Find the differentiation of the following function
a) y=5x^4(x-7)^1/2
b) y=(2(x)^1/2-(3))/(x)^1/2+1
Use the product rule for the first and the quotient rule for the second.
1.
y = (5x^4)(x - 7)^(1/2)
dy/dx = (5x^4)(1/2)(x-7)^(-1/2) + 20x^4 (x-7)^(1/2)
I found most students find the difficulty not in finding that first derivative line, but rather in simplifying it
I don't know how far you are expected to take this "first line" derivative.
Let me know before I continue.
For me to simplify the answer is the most difficult. Especially when meet fraction or with surd..
look for common factors first,
looking at the 5x^4 and 20x^3 , that would be 5x^3
looking at the (x-7)^(-1/2) and (x-7)^(1/2) , that would be (x-7)^(-1/2) , (take the lower exponent one)
also I would take out the fraction of 1/2
= (1/2)(5x^3)(x-7)^(-1/2) [x + (2/1)(4)(x-7) ]
= (5/2)x^3 (x-7)^(-1/2) [ x + 8x - 56]
= 5x^3 (9x - 56)/(2√(x-7) )
How you get (2/1) in the []?
To find the differentiation of a function, we need to apply the rules of differentiation. Here's how you can find the derivatives of the given functions:
a) y = 5x^4(x-7)^(1/2)
To differentiate this function, we can use the product rule and the chain rule.
The product rule states that if we have two functions u(x) and v(x), then the differentiation of their product (u(x) * v(x)) is given by:
d(uv)/dx = u * dv/dx + v * du/dx.
In our case, let's consider u(x) = 5x^4 and v(x) = (x-7)^(1/2).
The derivative of u(x) is du/dx = 20x^3 (using the power rule).
The derivative of v(x) can be found using the chain rule. Let's denote v(x) as w(u) and differentiate w(u) with respect to u first.
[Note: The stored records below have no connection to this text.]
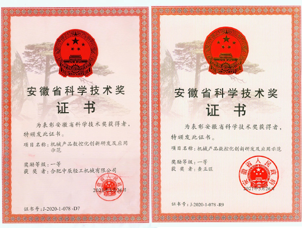 Recently, Zhongchen Light Machinery has received a prestigious honor certificate. The "Mechanical Products CNC Innovative R&D and Application Demonstration" project co-developed by Zhongchen Light Machinery and Hefei University of Technology was awarded the "Anhui Provincial Science and Technology Award" first prize by the Anhui Provincial Government. Meanwhile, one of the project leaders, Zhongchen Light Machinery Chairman Zhao Zhengwang, was awarded the "Anhui Provincial Science and Technology Award" first prize by the Anhui Provincial Government.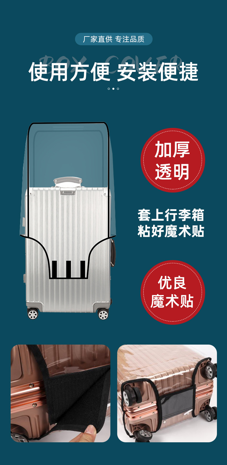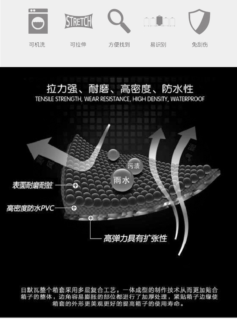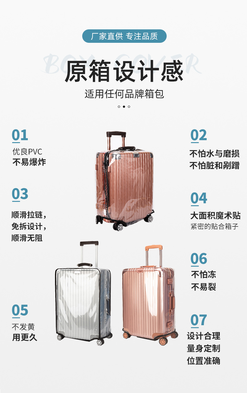 재고 PVC 투명 가방 방수 지퍼 20/24 인치 두께의 내마모성 수하물 케이스 수하물 케이스 보호 커버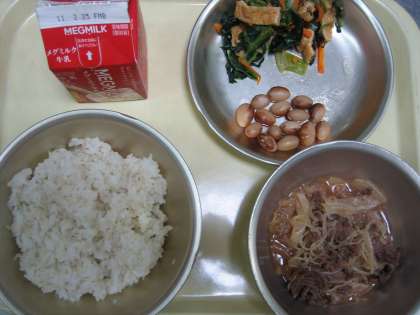 給食には大豆の他にも、色々な「豆」が登場します。今日は”皮の模様が虎の模様に似ている”「とら豆」を甘く煮ました。とら豆はいんげん豆の仲間です(金時豆もその仲間です)食物せんいを多く含み、おなかのそうじをしてくれます。味の濃いおかずのはしやすめにぴったりのおかずでした。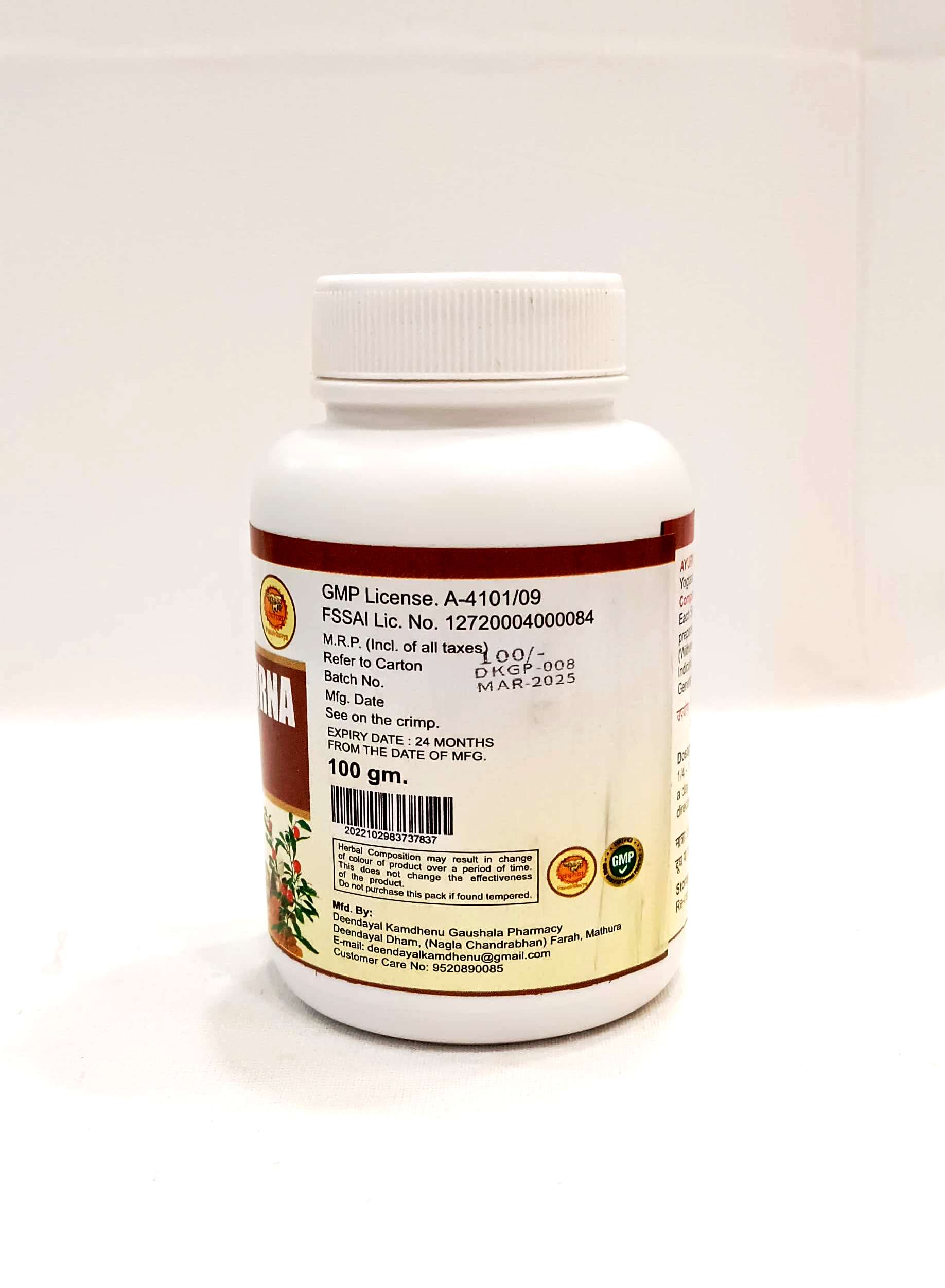 पंचगव्य अश्वगंधा चूर्ण एक आयुर्वेदिक चूर्ण है जो उल्लेखनीय मात्रा में शक्ति, ऊर्जा और सहनशक्ति में सुधार करने में मदद करता है और तनाव और कमजोरी को कम करता है। अश्वगंधा कोर्टिसोल के स्तर को संतुलित करने में मदद करता है और मांसपेशियों को बढ़ाने के लिए शरीर को एनाबॉलिक स्थिति में बनाए रखता है। यह तेजी से मांसपेशियों की रिकवरी में भी मदद करता है। यह प्रतिरक्षा में सुधार करने में सहायक है और न्यूरोप्रोटेक्टिव क्रिया प्रदर्शित करता है। पंचगव्य अश्वगंधा चूर्ण संज्ञानात्मक कार्यों को बढ़ाने में भी मदद कर सकता है।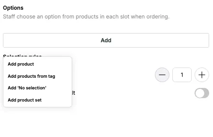 Add products from tag: automatically include all products that share a certain tag (for example Tacos). This is useful when the available options change regularly.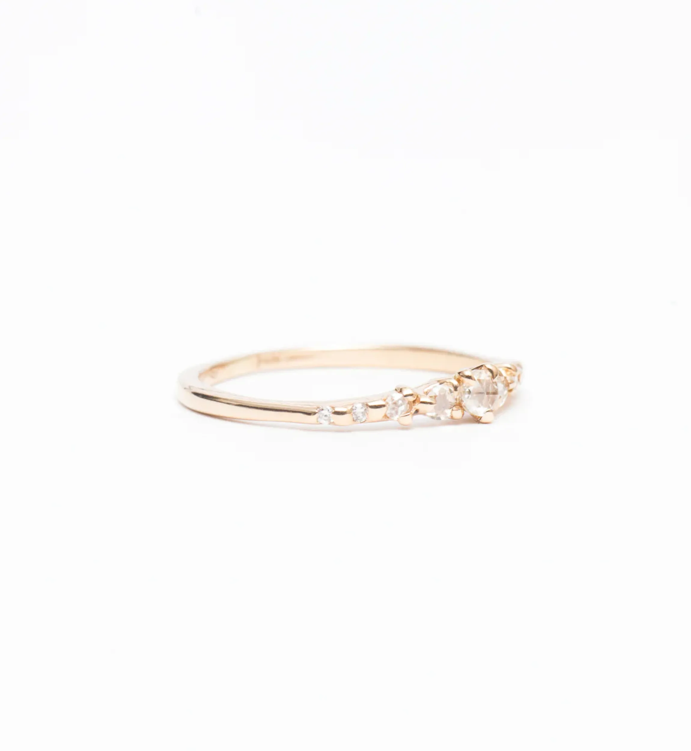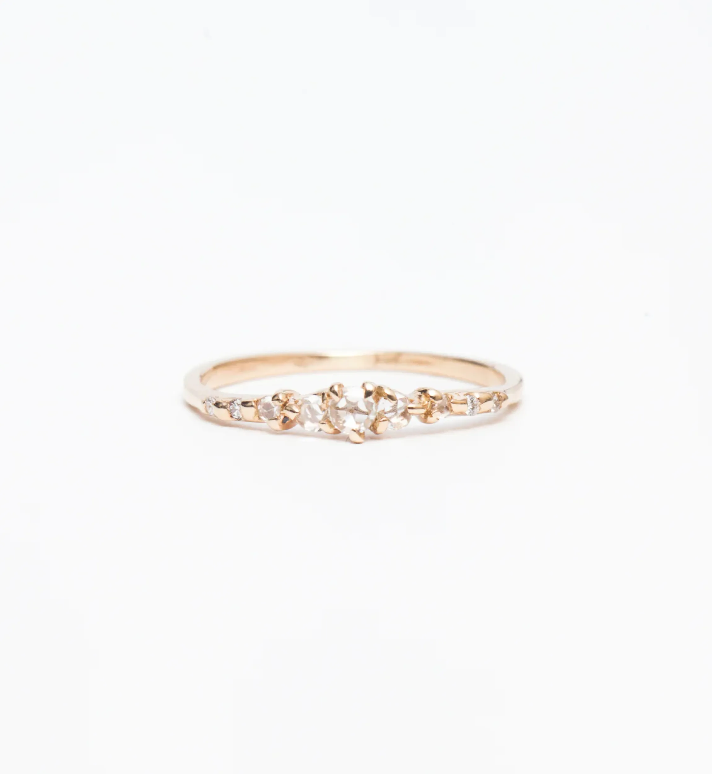 Laurie Fleming breathes new life into the vintage look of rose-cut diamonds with a graduated arrangement and just the barest sprinkling of modern round diamonds. Despite the variety of sizes and facets among its nine gems, this ring maintains a sleek silhouette that gives you freedom to style it how you like. Do you want a petite, but intricately-detailed engagement ring? Or are you looking for a wedding band with loads of texture and sparkle? In our mind, the Cyndra Ring is perfect for both. Made in Canada.

Then we multiply it by du/dx.
w(u) = u^(1/2)
dw/du = (1/2)u^(-1/2) (using the power rule for differentiation)
Now, let's substitute u = (x-7) into dw/du.
dw/dx = dw/du * du/dx = (1/2)(x-7)^(-1/2) * du/dx = (1/2)(x-7)^(-1/2) * 20x^3
Finally, applying the product rule formula, we get:
dy/dx = 5x^4 * (1/2)(x-7)^(-1/2) * 20x^3 + (x-7)^(1/2) * 20x^3
Simplifying this expression will give us the final derivative.
b) y = (2(x)^(1/2) - 3)/(x)^(1/2) + 1
To differentiate this function, we can use the quotient rule.
The quotient rule states that if we have two functions u(x) and v(x), then the differentiation of their quotient (u(x) / v(x)) is given by:
d(u/v)/dx = (v * du/dx - u * dv/dx) / v^2.
In our case, let's consider u(x) = 2(x)^(1/2) - 3 and v(x) = (x)^(1/2) + 1.
The derivative of u(x) can be found using the sum/difference rule and the power rule.
du/dx = (d(2(x)^(1/2))/dx) - 0
= (2 * (1/2)x^(-1/2)) - 0
= x^(-1/2)
The derivative of v(x) can be found using the power rule.
dv/dx = (d((x)^(1/2))/dx)
= (1/2)x^(-1/2)
Now, we can apply the quotient rule formula:
dy/dx = ((x)^(1/2) + 1) * (x^(-1/2)) - (2(x)^(1/2) - 3) * (1/2)x^(-1/2)) / ((x)^(1/2) + 1)^2
Simplifying this expression will give us the final derivative.
Remember to simplify the expressions and solve for dy/dx in order to obtain the differentiation of the given functions.